Она была глубоко привязана к своему мужу. И когда он неожиданно умер, она совершенно растерялась. «Ивана Антоновича нет! — твердила она всем. — Ивана Антоновича нет! Что же мне делать?»
Сильно затосковала она. Родственники, желая утешить ее, предложили (перейти) к ним на житье. Она послушалась. Продавши свой домик, Марья Егоровна перевезла к ним имущество, а потом и отдала им его; понемногу перешли к ним и деньги. Постоянными слезами и вздохами: «Ах, Иван Антонович! Ах, Иван Антонович!» — она утомляла и раздражала своих родственников, и они стали ею тяготиться, потом начали упрекать ее, грубо обращаться, оскорблять. Из комнаты перевели ее на кухню, а затем — в маленький холодный коридорчик. Но и там она мешала им; хотя она переносила все это безропотно.

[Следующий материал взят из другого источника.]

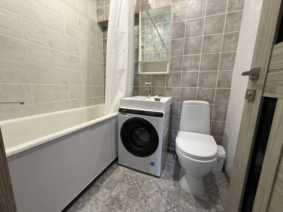 Ванная комната облицована новой керамической плиткой, а система подогрева пола обеспечивает дополнительный комфорт в холодное время года.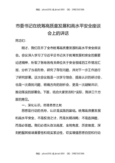 市委书记在统筹高质量发展和高水平安全座谈会上的讲话.docx
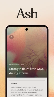 “The weekly insights is the best part of this app. Ash spotted patterns of my thoughts in ways I've never considered. And the next steps have given me ways to grow. This is extremely helpful.”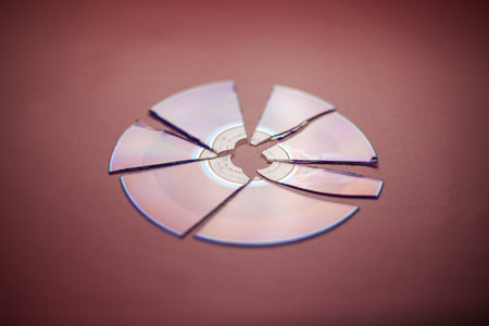Broken compact disc divided into parts close-up on a red-burgundy background, complete loss of data

Однажды она услышала о Прасковье Фоминичне (см. рассказ «Схимонахиня Серафима») и как-то пришла к ней. Очень ей понравилось у нее: тишина, никто не ругает, тепло. И скоро она, с согласия Прасковьи Фоминичны, перешла к ней жить совсем, как бы на положение домработницы, или точнее, приживалки.
Однажды П. Ф. сказала ей:
— Марья Егоровна! Сходи-ка ты в Инкерманский монастырь!
— Что вы, что вы, Прасковья Фоминична! Да я никогда там не была и дороги-то не знаю.
— А ты иди по рельсам, все по рельсам, и спрашивай, где Инкерманский монастырь? Тебе и укажут. Дойдешь до мостика, перейди его и иди по дороге.
— Да как же так, Прасковья Фоминична? Я боюсь.
— Иди, иди, не бойся.
Нечего делать, надо идти, раз П. Ф. велит. Пошла. Прошла неделя, другая. На третьей неделе вернулась М. Е., да такая веселая:
— Ах, как хорошо там! Все — такие добрые, хорошие. Так меня кормили, так кормили! Марья Егоровна да Марья Егоровна! Все мне так рады. Один батюшка, старенький такой, даже в ноги мне поклонился: благодарил! А я им подштанники, носки, рубашки починяла. Так уж рады мне были они! Так кормили — и хлебом, и борщом. Поживи у нас да поживи! Так хорошо, так хорошо!
Прошло несколько времени. П. Ф. опять говорит:
— Марья Егоровна! Сходи-ка ты в Херсонес. Там поговеешь, поживешь.
— Что вы, что вы, Прасковья Фоминична! Я никогда там не бывала и дороги не знаю.
— Спросишь, тебе люди и укажут.
— Да я боюсь.
— Иди, не бойся.
Пошла. Вернулась недели через три веселая:
— Ах, как хорошо! Как мне были рады! Один батюшка говорит: «Поживи», другой: «Поживи». Да кормят все меня. А я ем да ем. Одному — подштанники, другому рубаху починила, другому носки заштопала. Поговела у них. Так хорошо! Так хорошо!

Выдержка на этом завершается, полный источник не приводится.